A system’s ability to do simultaneous version control is an active constraint for group work

I’m not a developer and so I haven’t used Github extensively. I’ve had an account on and off for years, hoping to dive deeper but without collaboration it just didn’t seem to matter. This project opened my eyes to the criticality of version control, branches, and pull requests. I strongly recommend that any collaborative development be done in an environment that allows for those three things (at the least) to ensure you don’t break everything.

Data Science

Experimentation with preprocessing leads to insights about the data

Throughout the work I tried various ways of preprocessing the data to make it fit different models in the documentation. I lokoed across multiple sources and pieced them together to create a few things that were novel to me. Below is one example. I wanted to see if adding in indicator variables for missing data could improve the performance of my models. It didn’t, but it lead to me figuring out how to do some very basic data augmentation, something I know I’ll be exploring more as I continue to learn.

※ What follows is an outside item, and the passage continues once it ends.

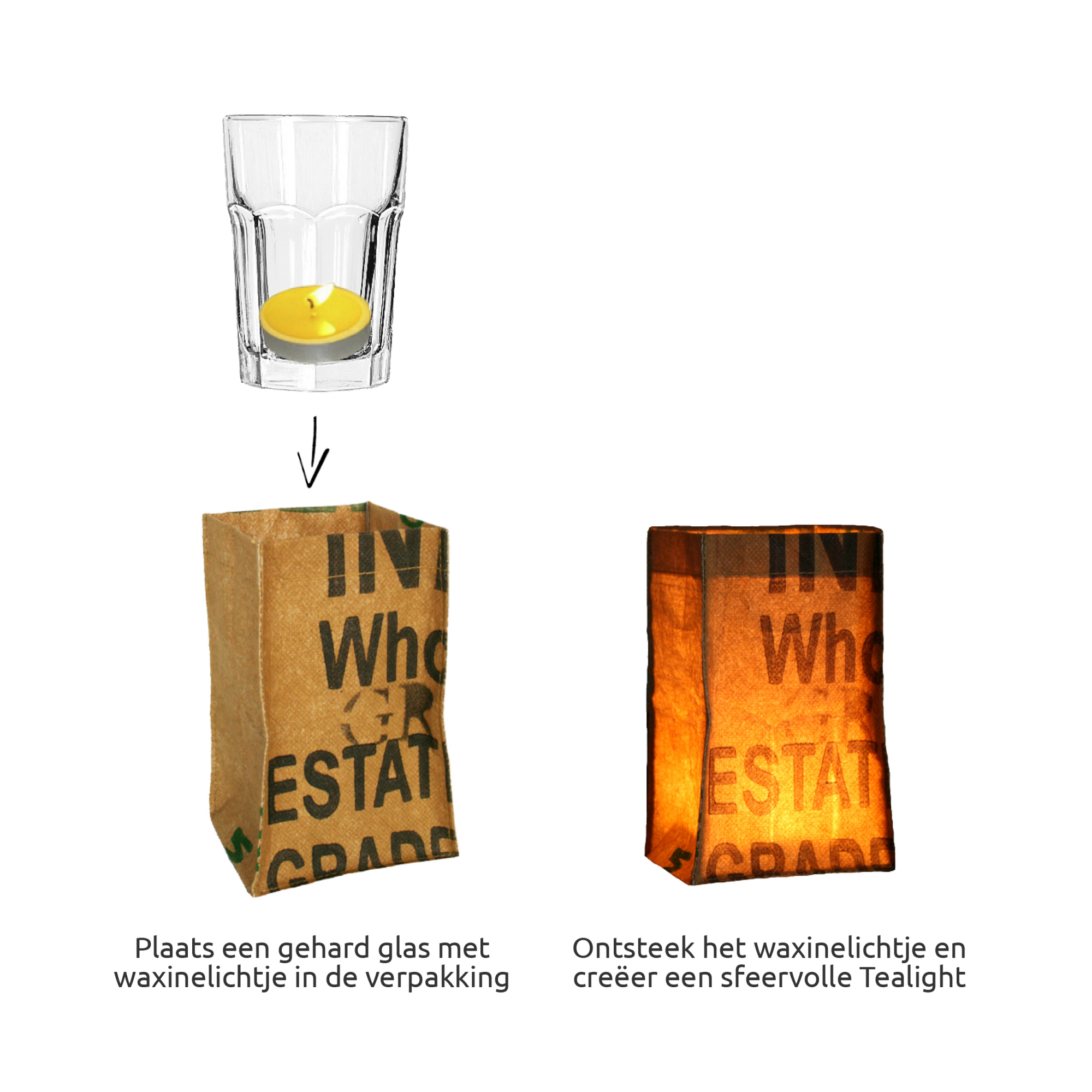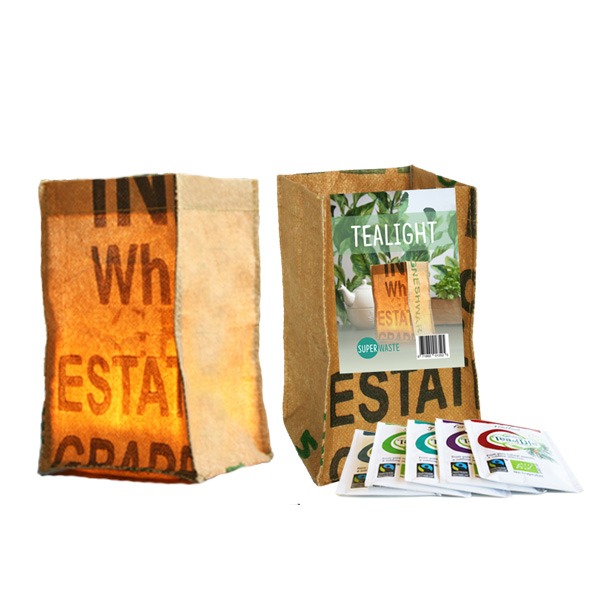 De tealight is gemaakt van gerecyclede theezakken uit de theepluk in India.

#Here we'll fill Keywords and Location with "Not Available" to see if this can improve our model. We'll also add indicator columns for missing data to see if that's important.
def add_indicator(col):
    def wrapper(df):
        return df[col].isna().astype(int)
    return wrapper

training_clean = training.assign(kw_miss=add_indicator("keyword"))
training_clean = training_clean.assign(loc_miss=add_indicator("location"))
training_clean = training_clean.fillna("Not Available")
training_clean = training_clean.drop(columns="target")

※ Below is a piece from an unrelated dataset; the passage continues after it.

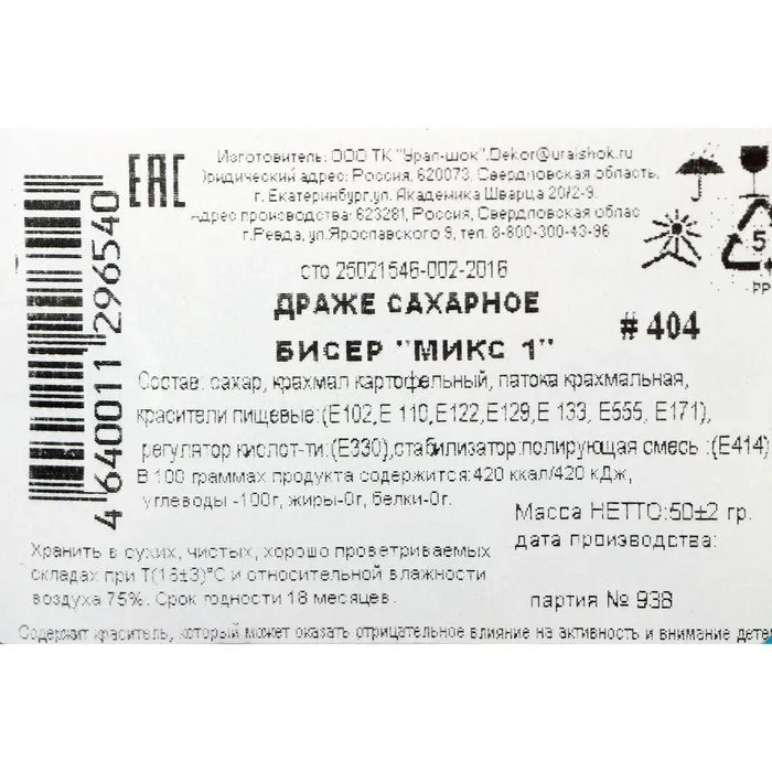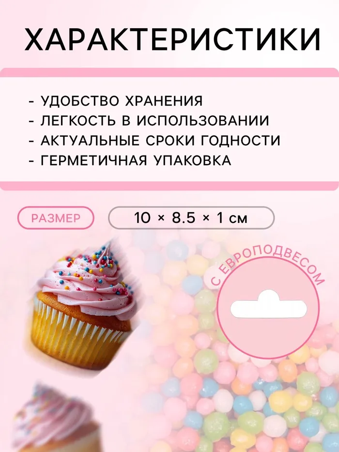 Посыпка кондитерская с мягким центром «Бисер» цветной, микс, 50 г — Характеристики

Experimentation from documentation produces limited performance increases

Following some exploration of different architectures within the sklearn documentation I ended up submitting a StackingClassifier to the competition and achieved 82.01% accuracy. This was a marginal improvement over our previous attempts that ranged from 80% to 81.4%. However, the really cool thing I found in doing it was learning more about how to create pipelines that allow for combining different methods of classification to increase performance. I had one pipeline that used a CountVectorizer to preprocess the training data for RandomForestClassifier and SVC classifiers. I also used a TfidfVectorizer that preprocessed the data for MultinomialNB and LogisticGregression classifiers. This allowed me to combine four separate estimators before learning the final classifier on another SVC. While this is an inefficient way to train models, especially as it did not provide significant performance. I found it to be a great opportunity to explore different workflows.

Below is a picture of the Confusion Matrix for the final StackingClassifier that highlights how it performed. Doing this over again I would look deeper into what was causing the false negatives to see if I needed to do data augmentation or select better hyperparameters to improve the model by a larger margin.

My biggest takeaway regarding Data Science is that experimentation and adjusting hyperparameters are critical parts of developing an accurate model. It feels a bit like trial and error, relying heavily on intuition, and you have to understand how they affect the underlying architecture, individually and in aggregate, to make the most of them. This is part of why I am working my way through the FastAI Course. I want to develop better intuitions and a deeper understanding of the theory underpinning the architectures so I can make better choices.